Problem to work on: All of the entries are to be repeated exactly, with no pictures included.
------------------------------------
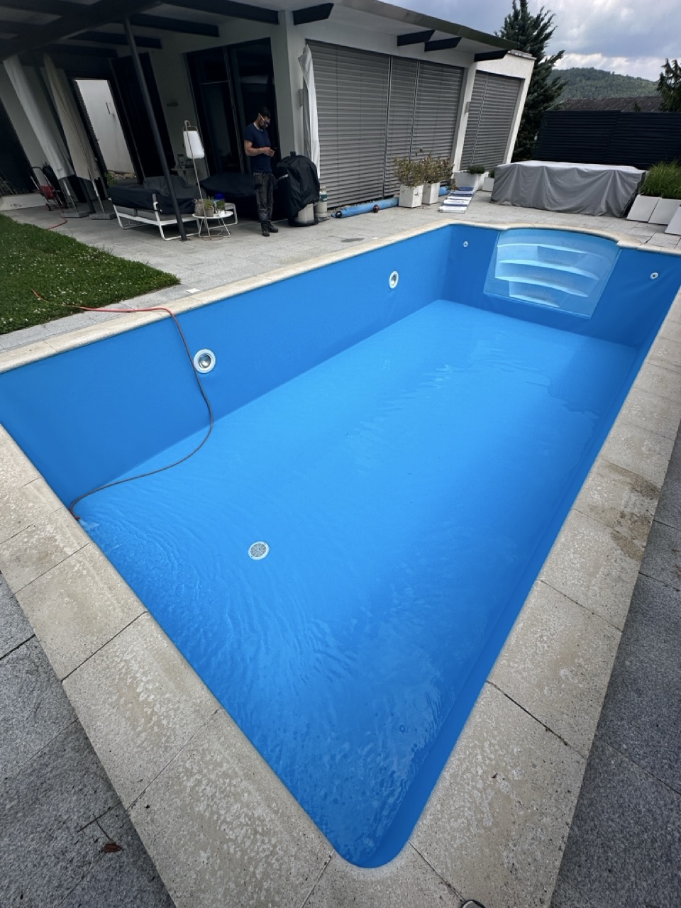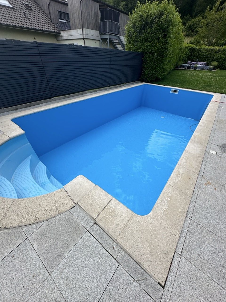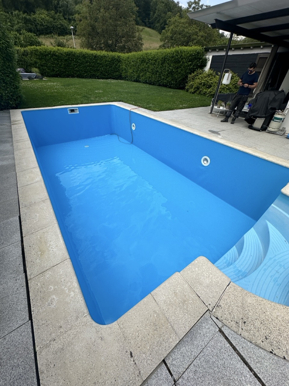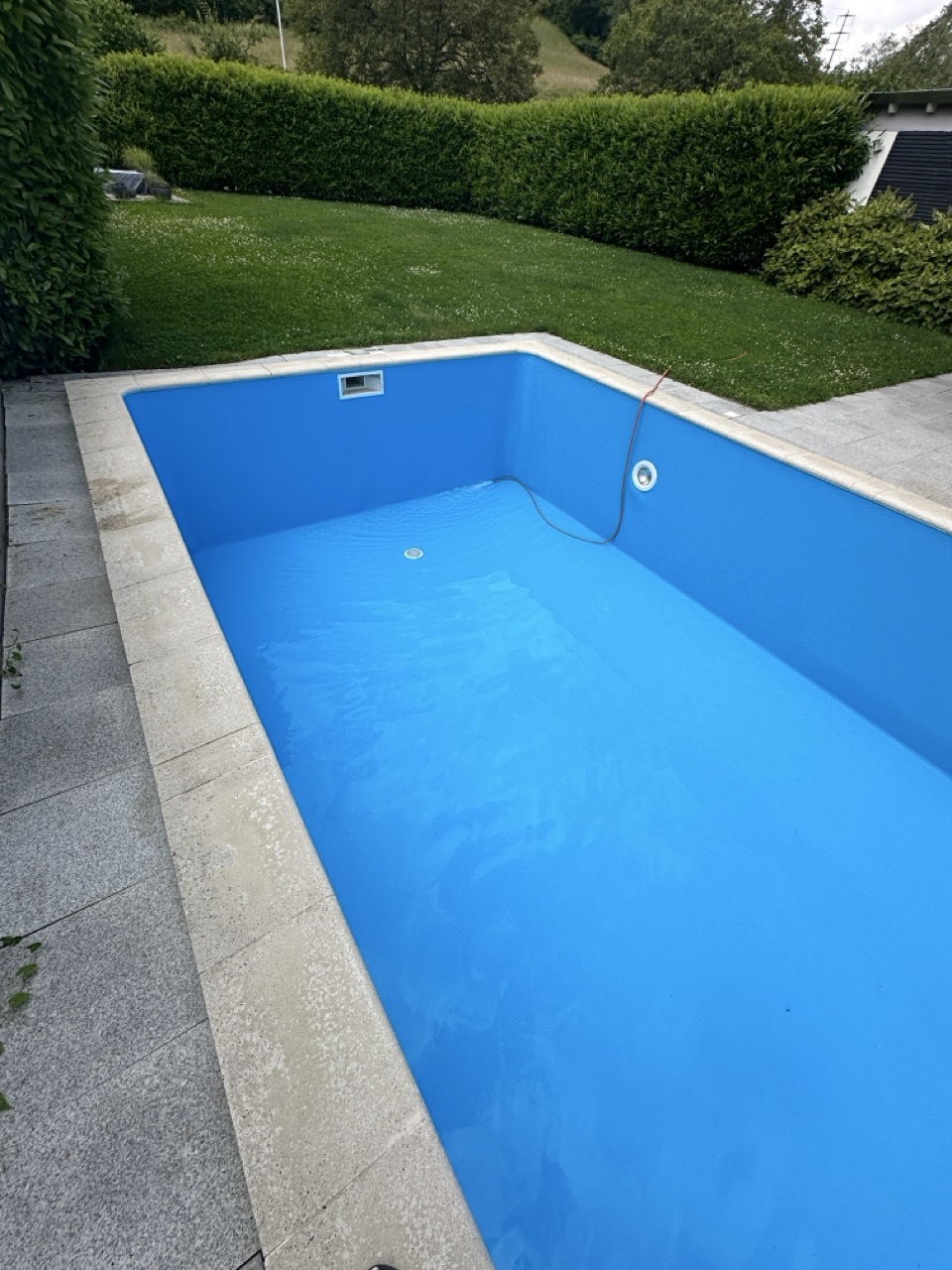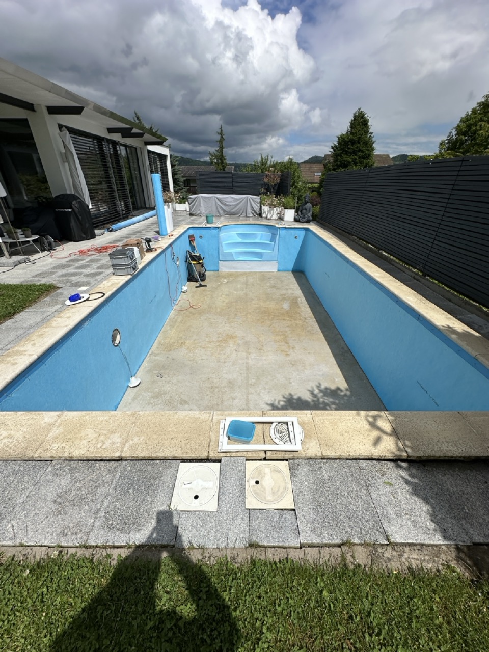 Wir durften für unseren Kunden sein Becken komplett sanieren, das heisst alte Folie und Vlies raus, Wände abschleifen und mit neuem Unterlagsvlies und Folie auskleiden.
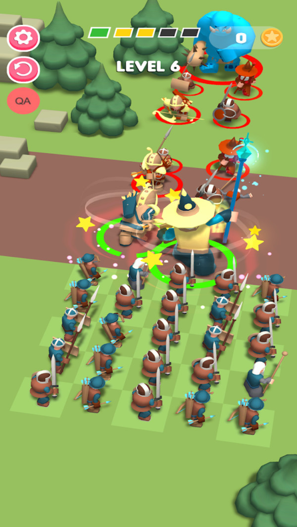 2、战斗时,操控合成后的士兵【戴皇冠】,攻击红圈标记敌人,利用技能和数量优势,推进战局,关注血条变化。
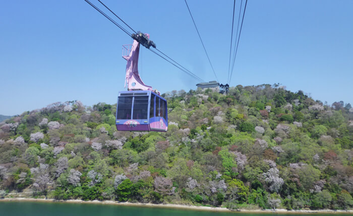 搭上纜車後,絕不能錯過來回途中從車廂上放眼望去的櫻花或紅葉景觀。
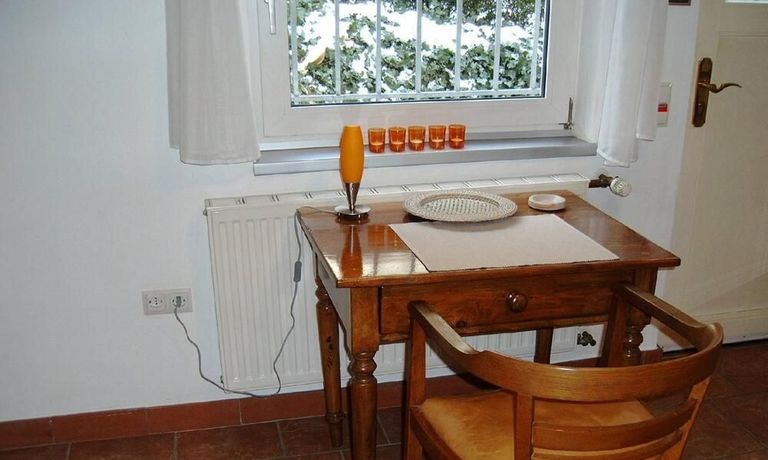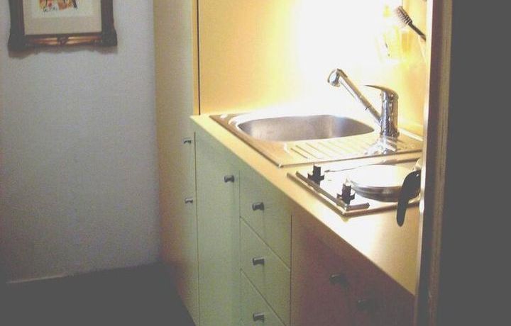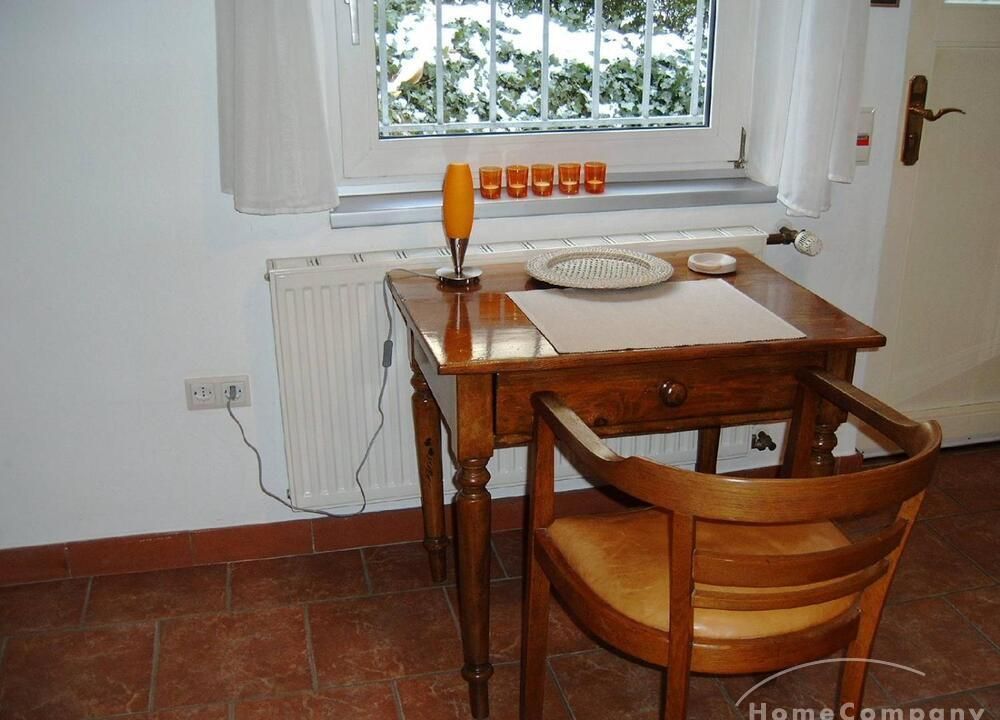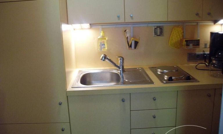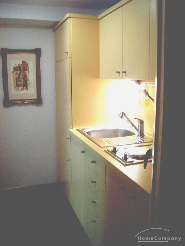 In der Pantryküche sind Waschmaschine, Mikrowelle, Wasserkocher, Kaffeemaschine und alltägliche Utensilien (Besteck/Geschirr etc.) vorhanden. Außerdem ist das Apartment mit einem Esstisch, einem Fernsehgerät sowie einem gemütlichen Einzelbett ausgestattet.
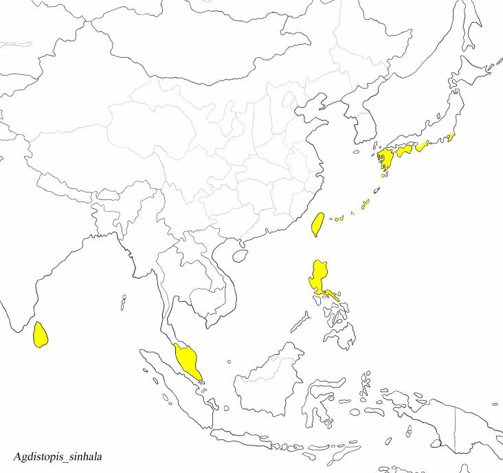 台湾,シンガポール,スリランカ、フィリピン、日本(本州,四国,九州、屋久島,沖縄島、石垣島、西表島); |
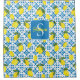 Monogram Name Blue French Tile Lemon Pattern Duschvorhang
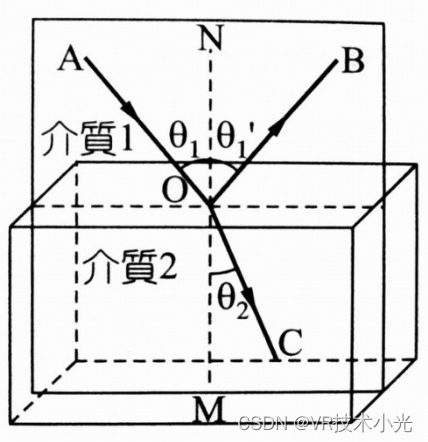 根据折射定律,入射角θ1,出射角θ2满足如下关系。n1sinθ1 = n2sinθ2
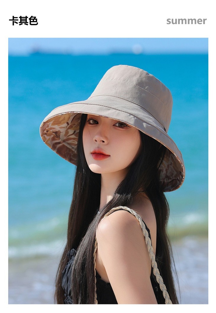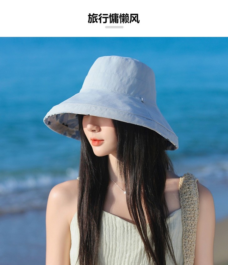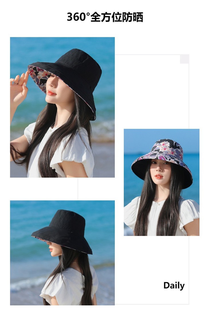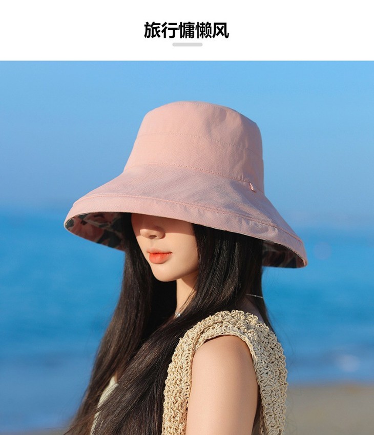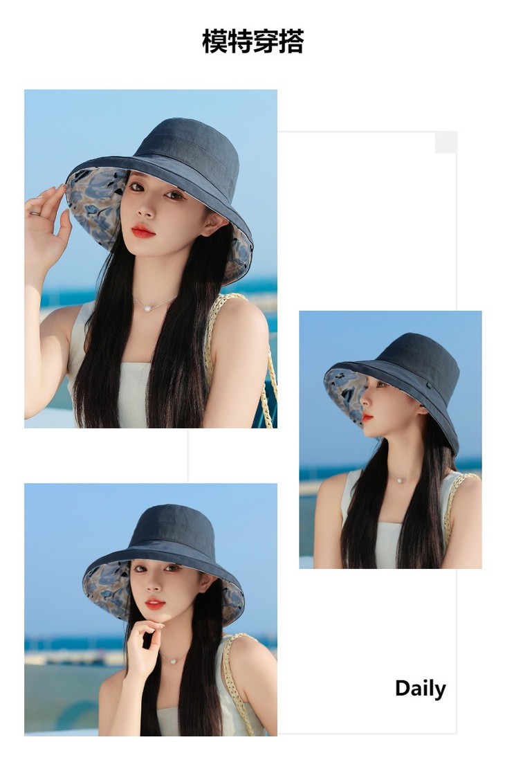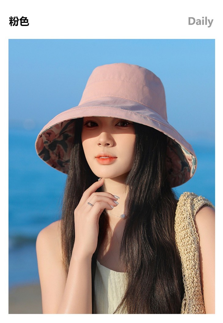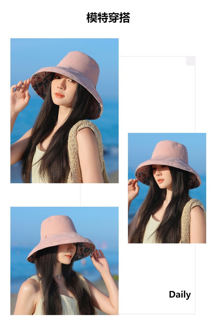 双面戴渔夫帽,韩国春夏新款印花大沿遮阳帽JC-M2835
------------------------------------
Answer for this exercise:
 Wir durften für unseren Kunden sein Becken komplett sanieren, das heisst alte Folie und Vlies raus, Wände abschleifen und mit neuem Unterlagsvlies und Folie auskleiden.
 2、战斗时,操控合成后的士兵【戴皇冠】,攻击红圈标记敌人,利用技能和数量优势,推进战局,关注血条变化。
 搭上纜車後,絕不能錯過來回途中從車廂上放眼望去的櫻花或紅葉景觀。
 In der Pantryküche sind Waschmaschine, Mikrowelle, Wasserkocher, Kaffeemaschine und alltägliche Utensilien (Besteck/Geschirr etc.) vorhanden. Außerdem ist das Apartment mit einem Esstisch, einem Fernsehgerät sowie einem gemütlichen Einzelbett ausgestattet.
 台湾,シンガポール,スリランカ、フィリピン、日本(本州,四国,九州、屋久島,沖縄島、石垣島、西表島); |
 Monogram Name Blue French Tile Lemon Pattern Duschvorhang
 根据折射定律,入射角θ1,出射角θ2满足如下关系。n1sinθ1 = n2sinθ2
 双面戴渔夫帽,韩国春夏新款印花大沿遮阳帽JC-M2835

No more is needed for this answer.